EXERCISE DIRECTIONS: The records below must be output exactly, with no images carried over.

[Stored dataset items]
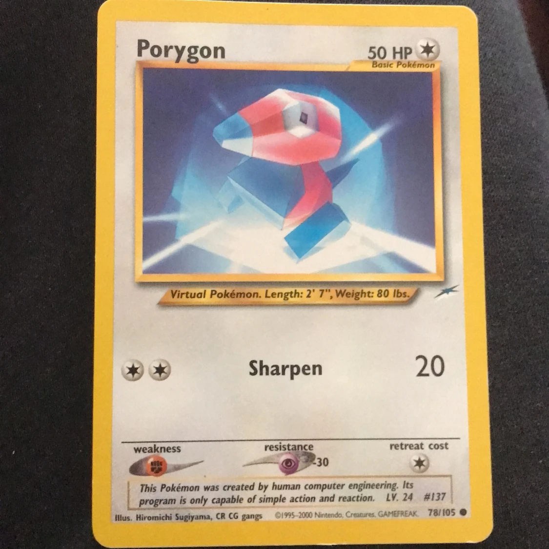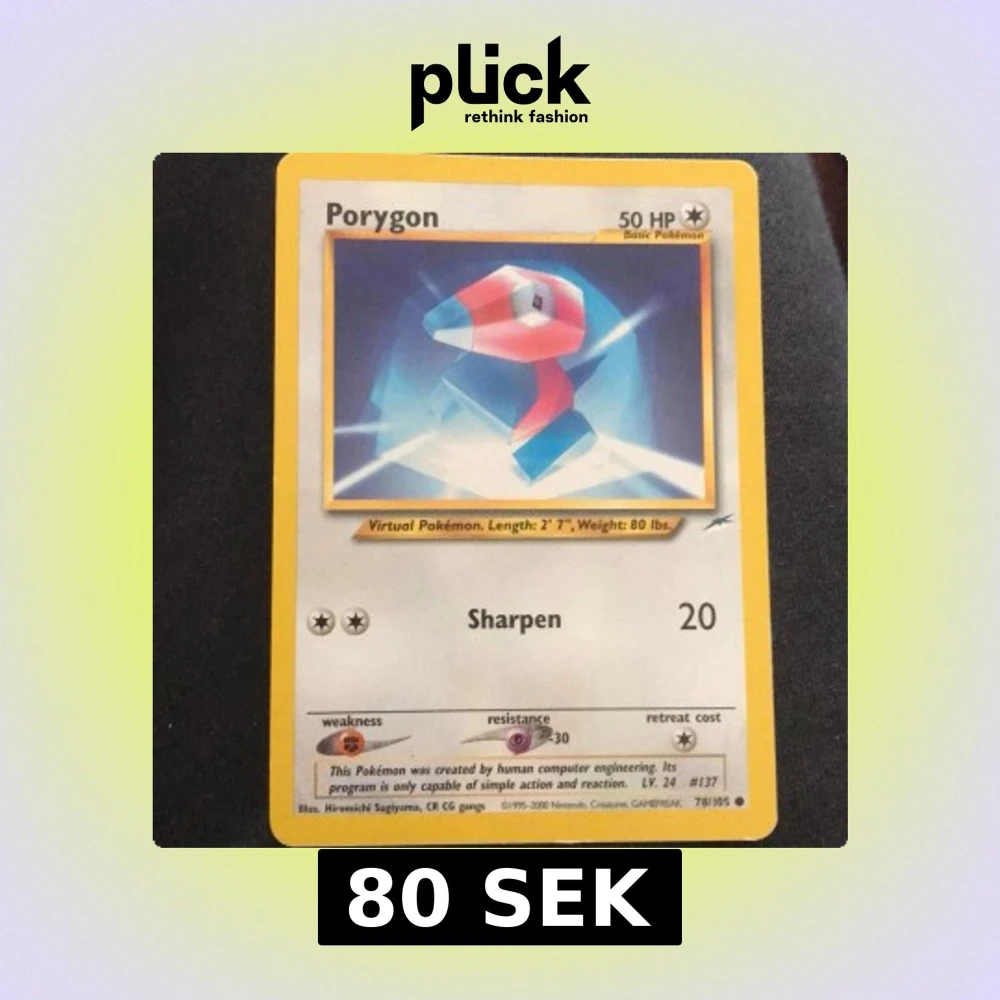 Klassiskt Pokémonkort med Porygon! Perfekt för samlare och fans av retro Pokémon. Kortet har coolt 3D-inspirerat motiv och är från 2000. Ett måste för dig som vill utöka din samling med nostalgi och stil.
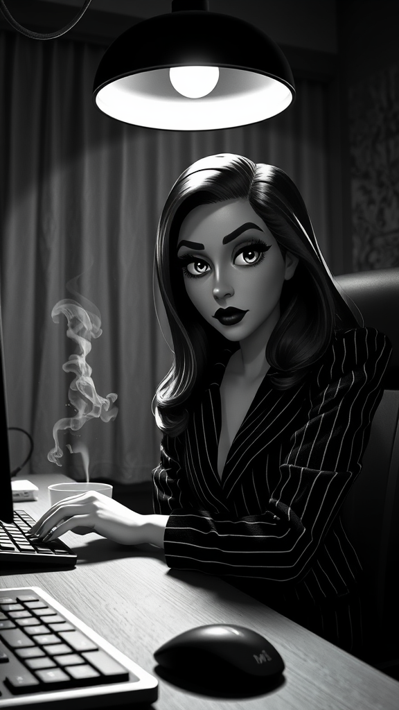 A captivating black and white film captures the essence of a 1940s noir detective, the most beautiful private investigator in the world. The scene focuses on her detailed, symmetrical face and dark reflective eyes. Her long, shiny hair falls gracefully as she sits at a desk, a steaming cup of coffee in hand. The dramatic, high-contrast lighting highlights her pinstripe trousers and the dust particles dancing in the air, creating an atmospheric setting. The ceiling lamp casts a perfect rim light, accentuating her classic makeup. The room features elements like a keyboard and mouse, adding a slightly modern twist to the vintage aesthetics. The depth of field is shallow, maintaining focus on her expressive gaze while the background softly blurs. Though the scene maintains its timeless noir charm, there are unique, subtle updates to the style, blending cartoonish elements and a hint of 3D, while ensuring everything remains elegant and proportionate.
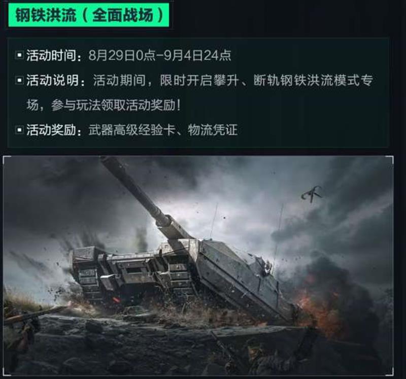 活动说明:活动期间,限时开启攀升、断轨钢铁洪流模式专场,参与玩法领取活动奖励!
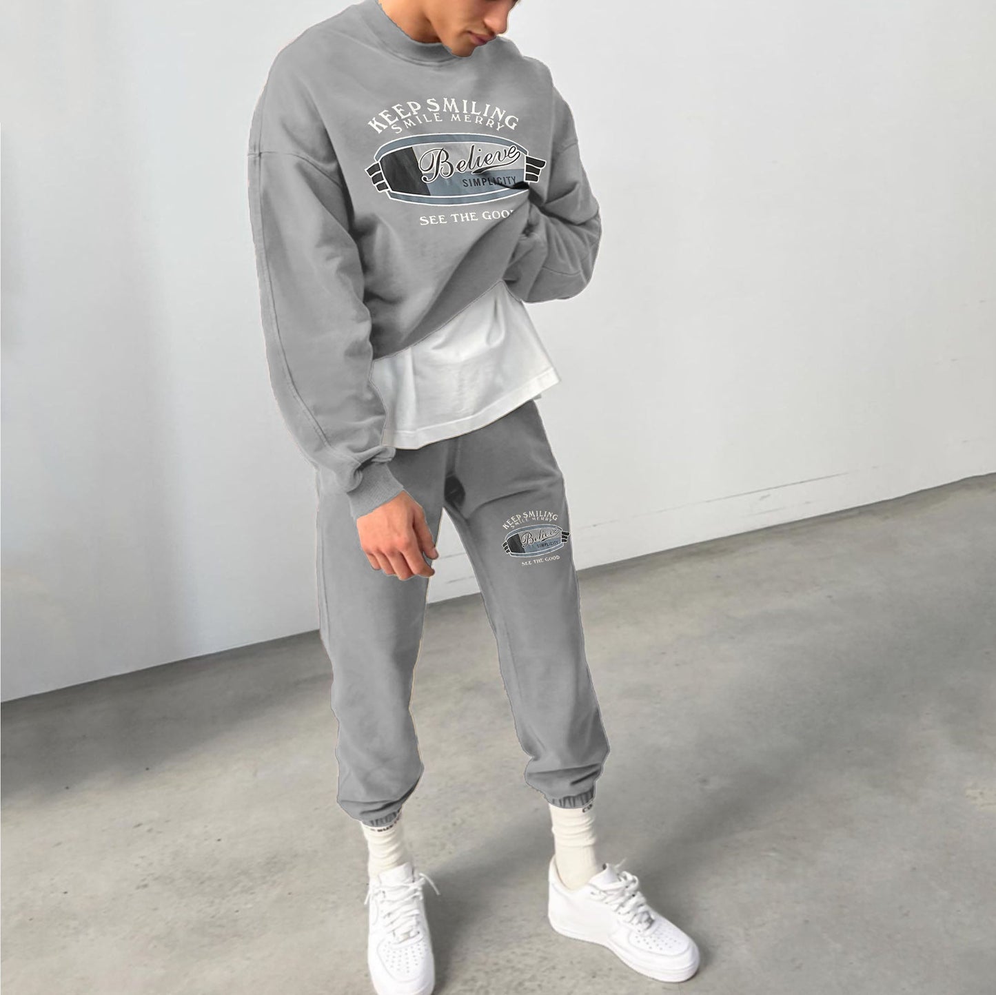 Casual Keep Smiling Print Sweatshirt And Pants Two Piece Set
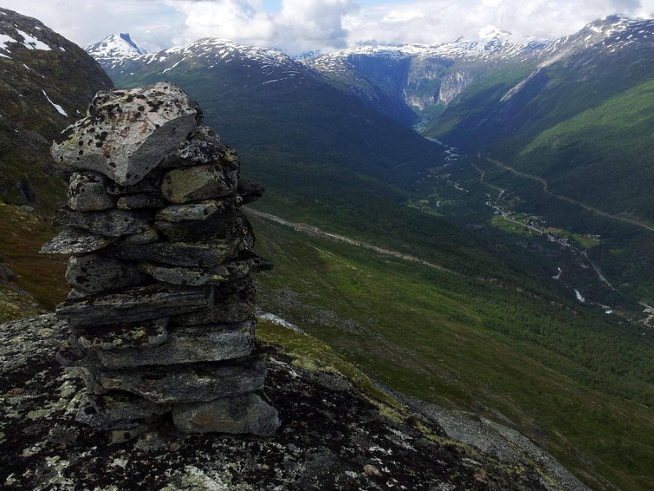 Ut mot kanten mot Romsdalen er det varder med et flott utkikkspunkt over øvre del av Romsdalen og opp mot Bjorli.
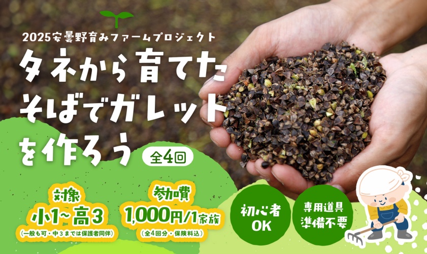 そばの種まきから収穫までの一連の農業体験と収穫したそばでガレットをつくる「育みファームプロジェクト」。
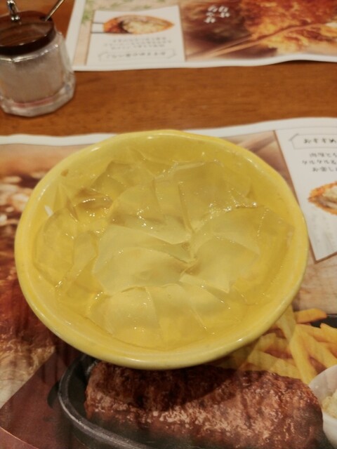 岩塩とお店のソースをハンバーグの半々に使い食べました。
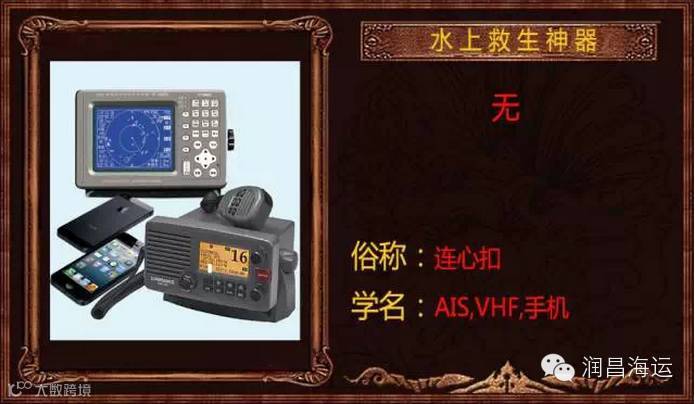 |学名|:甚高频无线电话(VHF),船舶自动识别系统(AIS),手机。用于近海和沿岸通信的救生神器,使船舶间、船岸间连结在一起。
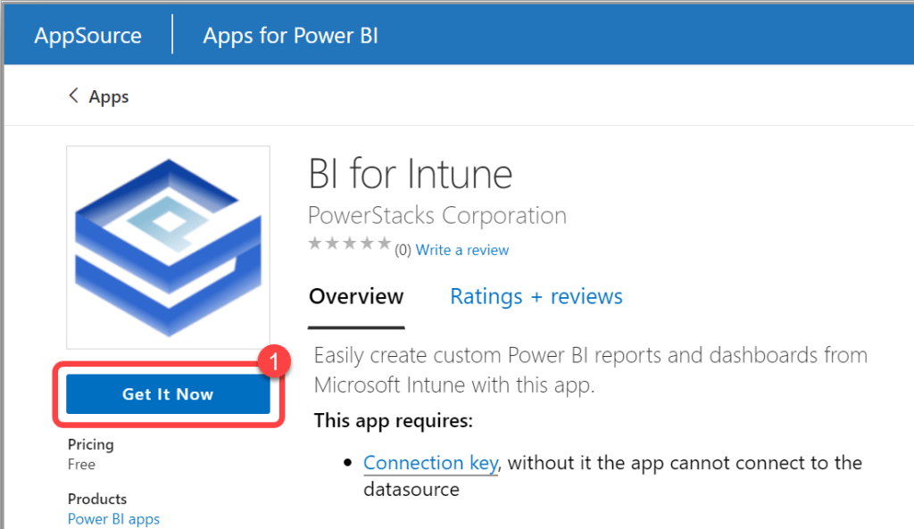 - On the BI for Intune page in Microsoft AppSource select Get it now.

RESULT OF THE TASK:
 Klassiskt Pokémonkort med Porygon! Perfekt för samlare och fans av retro Pokémon. Kortet har coolt 3D-inspirerat motiv och är från 2000. Ett måste för dig som vill utöka din samling med nostalgi och stil.
 A captivating black and white film captures the essence of a 1940s noir detective, the most beautiful private investigator in the world. The scene focuses on her detailed, symmetrical face and dark reflective eyes. Her long, shiny hair falls gracefully as she sits at a desk, a steaming cup of coffee in hand. The dramatic, high-contrast lighting highlights her pinstripe trousers and the dust particles dancing in the air, creating an atmospheric setting. The ceiling lamp casts a perfect rim light, accentuating her classic makeup. The room features elements like a keyboard and mouse, adding a slightly modern twist to the vintage aesthetics. The depth of field is shallow, maintaining focus on her expressive gaze while the background softly blurs. Though the scene maintains its timeless noir charm, there are unique, subtle updates to the style, blending cartoonish elements and a hint of 3D, while ensuring everything remains elegant and proportionate.
 活动说明:活动期间,限时开启攀升、断轨钢铁洪流模式专场,参与玩法领取活动奖励!
 Casual Keep Smiling Print Sweatshirt And Pants Two Piece Set
 Ut mot kanten mot Romsdalen er det varder med et flott utkikkspunkt over øvre del av Romsdalen og opp mot Bjorli.
 そばの種まきから収穫までの一連の農業体験と収穫したそばでガレットをつくる「育みファームプロジェクト」。
 岩塩とお店のソースをハンバーグの半々に使い食べました。
 |学名|:甚高频无线电话(VHF),船舶自动识别系统(AIS),手机。用于近海和沿岸通信的救生神器,使船舶间、船岸间连结在一起。
 - On the BI for Intune page in Microsoft AppSource select Get it now.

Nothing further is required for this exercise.